• **Task prompt**: Exact copy, pictures excluded: write out every line below.

------------------------

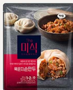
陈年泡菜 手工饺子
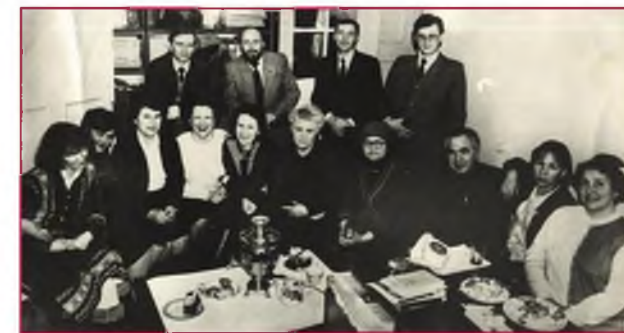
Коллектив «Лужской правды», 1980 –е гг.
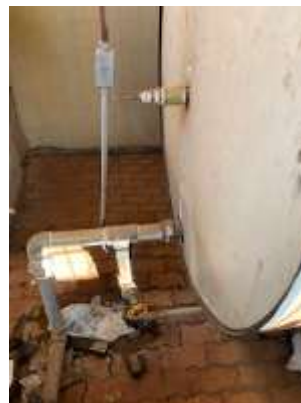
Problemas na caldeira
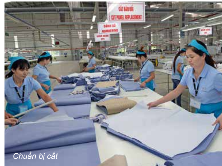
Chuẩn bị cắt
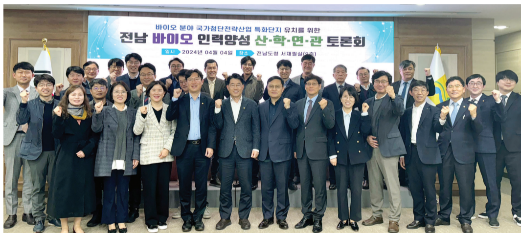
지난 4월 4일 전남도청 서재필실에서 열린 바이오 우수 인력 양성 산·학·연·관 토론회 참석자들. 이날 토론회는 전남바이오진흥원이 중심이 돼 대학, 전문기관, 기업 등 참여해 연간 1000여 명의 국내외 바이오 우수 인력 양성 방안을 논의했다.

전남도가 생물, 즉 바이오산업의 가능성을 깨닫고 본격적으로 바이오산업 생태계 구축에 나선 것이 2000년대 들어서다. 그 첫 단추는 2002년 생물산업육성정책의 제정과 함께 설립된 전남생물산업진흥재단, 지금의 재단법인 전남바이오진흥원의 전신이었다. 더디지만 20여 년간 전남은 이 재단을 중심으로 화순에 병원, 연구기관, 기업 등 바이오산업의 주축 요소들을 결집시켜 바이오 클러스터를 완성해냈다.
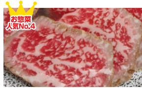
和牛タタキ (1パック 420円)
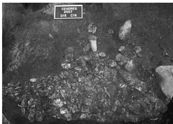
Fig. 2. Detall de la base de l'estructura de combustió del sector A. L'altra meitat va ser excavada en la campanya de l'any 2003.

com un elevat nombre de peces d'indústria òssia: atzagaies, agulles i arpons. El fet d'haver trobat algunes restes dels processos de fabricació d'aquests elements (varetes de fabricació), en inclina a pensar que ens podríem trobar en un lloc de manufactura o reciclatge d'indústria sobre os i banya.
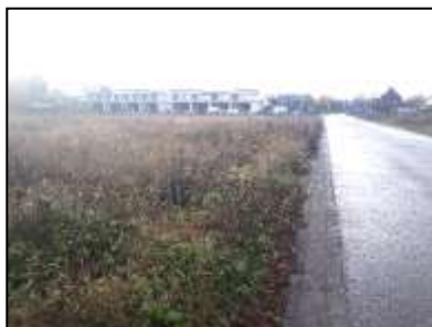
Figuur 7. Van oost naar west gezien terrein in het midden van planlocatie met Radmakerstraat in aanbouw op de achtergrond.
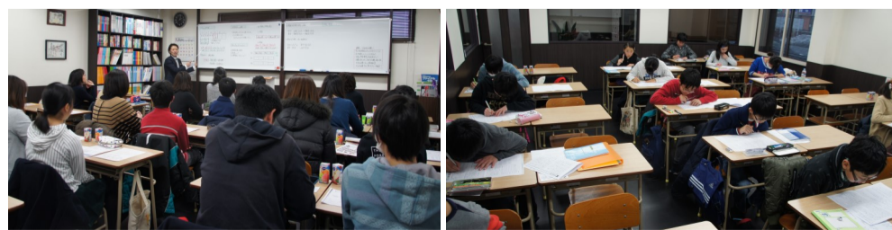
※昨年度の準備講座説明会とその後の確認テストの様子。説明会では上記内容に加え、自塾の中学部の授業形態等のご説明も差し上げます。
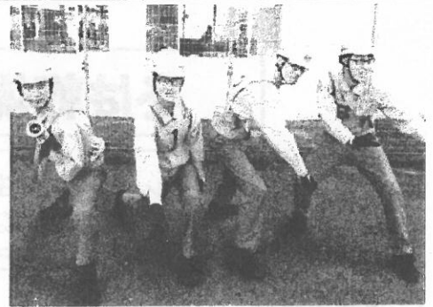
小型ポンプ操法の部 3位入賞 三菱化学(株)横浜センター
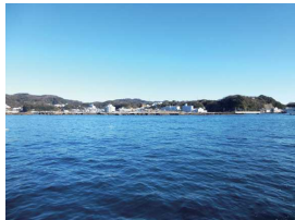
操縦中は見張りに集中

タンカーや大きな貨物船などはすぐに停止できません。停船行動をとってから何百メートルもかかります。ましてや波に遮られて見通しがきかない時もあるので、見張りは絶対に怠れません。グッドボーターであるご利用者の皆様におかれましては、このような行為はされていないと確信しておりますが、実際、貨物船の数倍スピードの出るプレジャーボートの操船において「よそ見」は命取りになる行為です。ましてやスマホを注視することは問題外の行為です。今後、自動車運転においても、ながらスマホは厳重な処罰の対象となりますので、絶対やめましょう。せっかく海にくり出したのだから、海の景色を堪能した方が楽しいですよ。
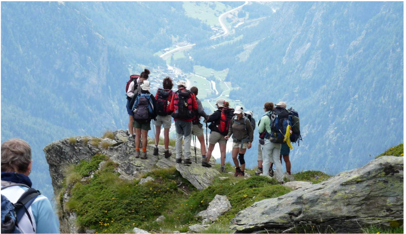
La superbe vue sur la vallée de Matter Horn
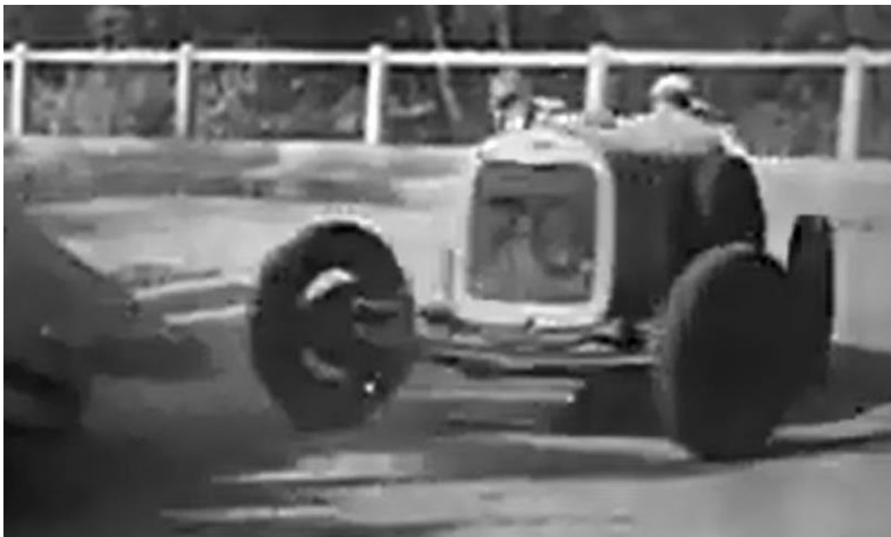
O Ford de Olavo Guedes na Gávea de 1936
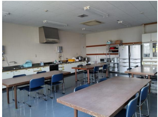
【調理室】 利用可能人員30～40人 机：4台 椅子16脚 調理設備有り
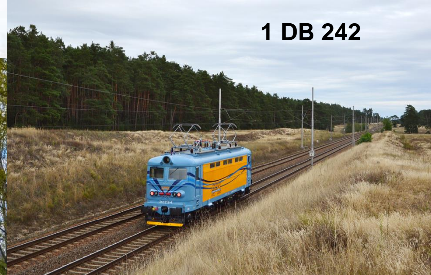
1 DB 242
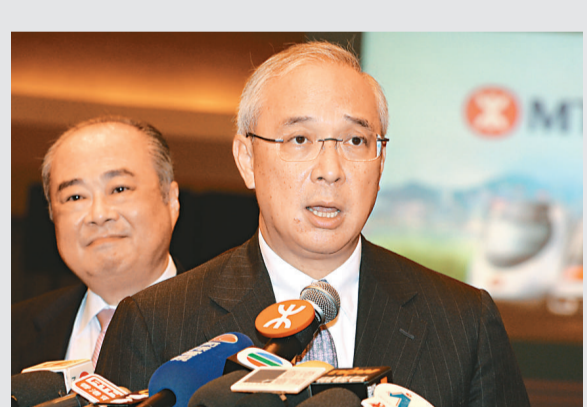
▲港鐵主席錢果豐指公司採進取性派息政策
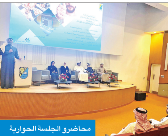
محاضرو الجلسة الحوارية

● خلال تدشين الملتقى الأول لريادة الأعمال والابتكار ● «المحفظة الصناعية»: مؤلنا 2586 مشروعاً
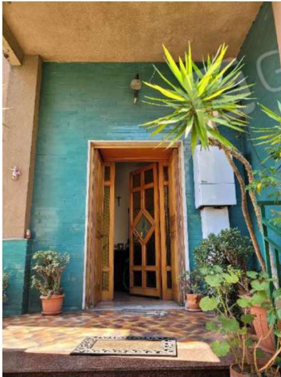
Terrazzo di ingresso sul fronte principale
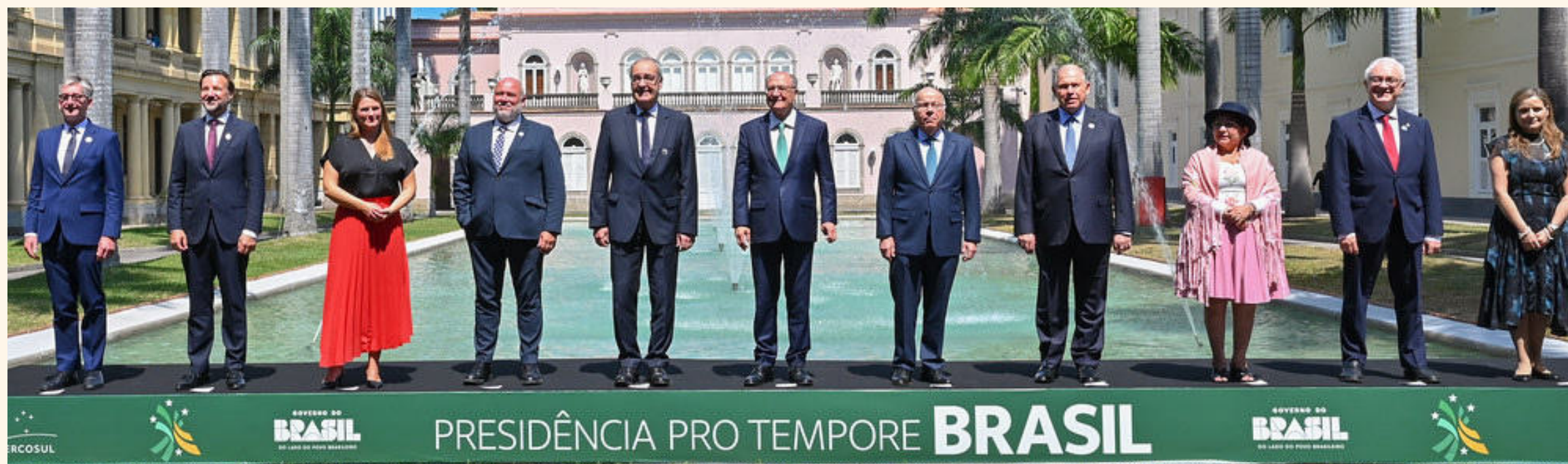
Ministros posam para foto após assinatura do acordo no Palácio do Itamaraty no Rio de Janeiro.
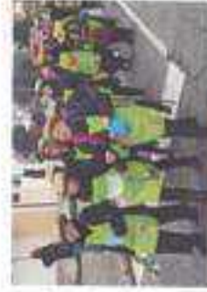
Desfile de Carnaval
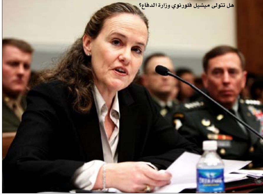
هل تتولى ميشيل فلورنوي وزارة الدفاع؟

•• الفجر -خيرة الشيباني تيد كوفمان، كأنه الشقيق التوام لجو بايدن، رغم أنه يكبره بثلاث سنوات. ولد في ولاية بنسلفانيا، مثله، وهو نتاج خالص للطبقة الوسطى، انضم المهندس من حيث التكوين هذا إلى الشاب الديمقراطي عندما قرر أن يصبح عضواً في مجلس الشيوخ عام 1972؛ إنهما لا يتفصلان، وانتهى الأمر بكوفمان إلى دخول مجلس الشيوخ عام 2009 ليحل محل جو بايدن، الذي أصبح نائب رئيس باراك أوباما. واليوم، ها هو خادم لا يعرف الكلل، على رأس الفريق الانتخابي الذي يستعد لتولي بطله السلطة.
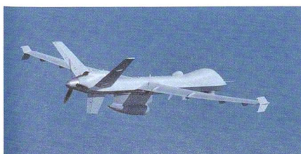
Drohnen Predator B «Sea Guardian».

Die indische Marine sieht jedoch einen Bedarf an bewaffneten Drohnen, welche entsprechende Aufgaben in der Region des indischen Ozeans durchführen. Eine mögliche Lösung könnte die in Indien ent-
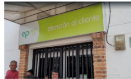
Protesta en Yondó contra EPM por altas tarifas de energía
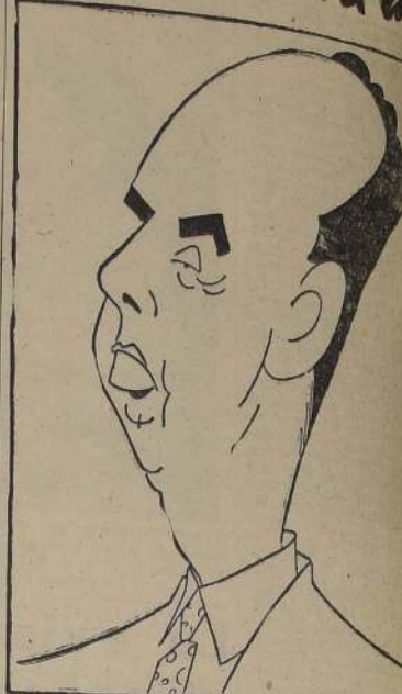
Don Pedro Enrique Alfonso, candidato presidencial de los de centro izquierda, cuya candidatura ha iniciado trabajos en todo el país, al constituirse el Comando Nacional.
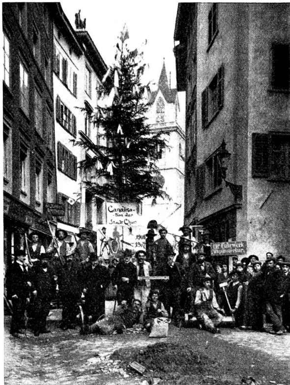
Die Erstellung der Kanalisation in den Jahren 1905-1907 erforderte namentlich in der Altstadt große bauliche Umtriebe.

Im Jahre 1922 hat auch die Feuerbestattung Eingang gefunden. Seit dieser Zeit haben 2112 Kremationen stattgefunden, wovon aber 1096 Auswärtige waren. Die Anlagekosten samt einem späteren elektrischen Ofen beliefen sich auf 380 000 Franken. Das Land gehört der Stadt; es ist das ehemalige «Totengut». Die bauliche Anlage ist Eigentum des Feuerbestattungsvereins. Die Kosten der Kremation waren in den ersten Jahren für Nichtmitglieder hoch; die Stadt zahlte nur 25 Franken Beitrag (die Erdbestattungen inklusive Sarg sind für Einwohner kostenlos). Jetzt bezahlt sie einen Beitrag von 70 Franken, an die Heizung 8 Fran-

------------------------

• **Problem solution**:
陈年泡菜 手工饺子
Коллектив «Лужской правды», 1980 –е гг.
Problemas na caldeira
Chuẩn bị cắt
지난 4월 4일 전남도청 서재필실에서 열린 바이오 우수 인력 양성 산·학·연·관 토론회 참석자들. 이날 토론회는 전남바이오진흥원이 중심이 돼 대학, 전문기관, 기업 등 참여해 연간 1000여 명의 국내외 바이오 우수 인력 양성 방안을 논의했다.

전남도가 생물, 즉 바이오산업의 가능성을 깨닫고 본격적으로 바이오산업 생태계 구축에 나선 것이 2000년대 들어서다. 그 첫 단추는 2002년 생물산업육성정책의 제정과 함께 설립된 전남생물산업진흥재단, 지금의 재단법인 전남바이오진흥원의 전신이었다. 더디지만 20여 년간 전남은 이 재단을 중심으로 화순에 병원, 연구기관, 기업 등 바이오산업의 주축 요소들을 결집시켜 바이오 클러스터를 완성해냈다.
和牛タタキ (1パック 420円)
Fig. 2. Detall de la base de l'estructura de combustió del sector A. L'altra meitat va ser excavada en la campanya de l'any 2003.

com un elevat nombre de peces d'indústria òssia: atzagaies, agulles i arpons. El fet d'haver trobat algunes restes dels processos de fabricació d'aquests elements (varetes de fabricació), en inclina a pensar que ens podríem trobar en un lloc de manufactura o reciclatge d'indústria sobre os i banya.
Figuur 7. Van oost naar west gezien terrein in het midden van planlocatie met Radmakerstraat in aanbouw op de achtergrond.
※昨年度の準備講座説明会とその後の確認テストの様子。説明会では上記内容に加え、自塾の中学部の授業形態等のご説明も差し上げます。
小型ポンプ操法の部 3位入賞 三菱化学(株)横浜センター
操縦中は見張りに集中

タンカーや大きな貨物船などはすぐに停止できません。停船行動をとってから何百メートルもかかります。ましてや波に遮られて見通しがきかない時もあるので、見張りは絶対に怠れません。グッドボーターであるご利用者の皆様におかれましては、このような行為はされていないと確信しておりますが、実際、貨物船の数倍スピードの出るプレジャーボートの操船において「よそ見」は命取りになる行為です。ましてやスマホを注視することは問題外の行為です。今後、自動車運転においても、ながらスマホは厳重な処罰の対象となりますので、絶対やめましょう。せっかく海にくり出したのだから、海の景色を堪能した方が楽しいですよ。
La superbe vue sur la vallée de Matter Horn
O Ford de Olavo Guedes na Gávea de 1936
【調理室】 利用可能人員30～40人 机：4台 椅子16脚 調理設備有り
1 DB 242
▲港鐵主席錢果豐指公司採進取性派息政策
محاضرو الجلسة الحوارية

● خلال تدشين الملتقى الأول لريادة الأعمال والابتكار ● «المحفظة الصناعية»: مؤلنا 2586 مشروعاً
Terrazzo di ingresso sul fronte principale
Ministros posam para foto após assinatura do acordo no Palácio do Itamaraty no Rio de Janeiro.
Desfile de Carnaval
هل تتولى ميشيل فلورنوي وزارة الدفاع؟

•• الفجر -خيرة الشيباني تيد كوفمان، كأنه الشقيق التوام لجو بايدن، رغم أنه يكبره بثلاث سنوات. ولد في ولاية بنسلفانيا، مثله، وهو نتاج خالص للطبقة الوسطى، انضم المهندس من حيث التكوين هذا إلى الشاب الديمقراطي عندما قرر أن يصبح عضواً في مجلس الشيوخ عام 1972؛ إنهما لا يتفصلان، وانتهى الأمر بكوفمان إلى دخول مجلس الشيوخ عام 2009 ليحل محل جو بايدن، الذي أصبح نائب رئيس باراك أوباما. واليوم، ها هو خادم لا يعرف الكلل، على رأس الفريق الانتخابي الذي يستعد لتولي بطله السلطة.
Drohnen Predator B «Sea Guardian».

Die indische Marine sieht jedoch einen Bedarf an bewaffneten Drohnen, welche entsprechende Aufgaben in der Region des indischen Ozeans durchführen. Eine mögliche Lösung könnte die in Indien ent-
Protesta en Yondó contra EPM por altas tarifas de energía
Don Pedro Enrique Alfonso, candidato presidencial de los de centro izquierda, cuya candidatura ha iniciado trabajos en todo el país, al constituirse el Comando Nacional.
Die Erstellung der Kanalisation in den Jahren 1905-1907 erforderte namentlich in der Altstadt große bauliche Umtriebe.

Im Jahre 1922 hat auch die Feuerbestattung Eingang gefunden. Seit dieser Zeit haben 2112 Kremationen stattgefunden, wovon aber 1096 Auswärtige waren. Die Anlagekosten samt einem späteren elektrischen Ofen beliefen sich auf 380 000 Franken. Das Land gehört der Stadt; es ist das ehemalige «Totengut». Die bauliche Anlage ist Eigentum des Feuerbestattungsvereins. Die Kosten der Kremation waren in den ersten Jahren für Nichtmitglieder hoch; die Stadt zahlte nur 25 Franken Beitrag (die Erdbestattungen inklusive Sarg sind für Einwohner kostenlos). Jetzt bezahlt sie einen Beitrag von 70 Franken, an die Heizung 8 Fran-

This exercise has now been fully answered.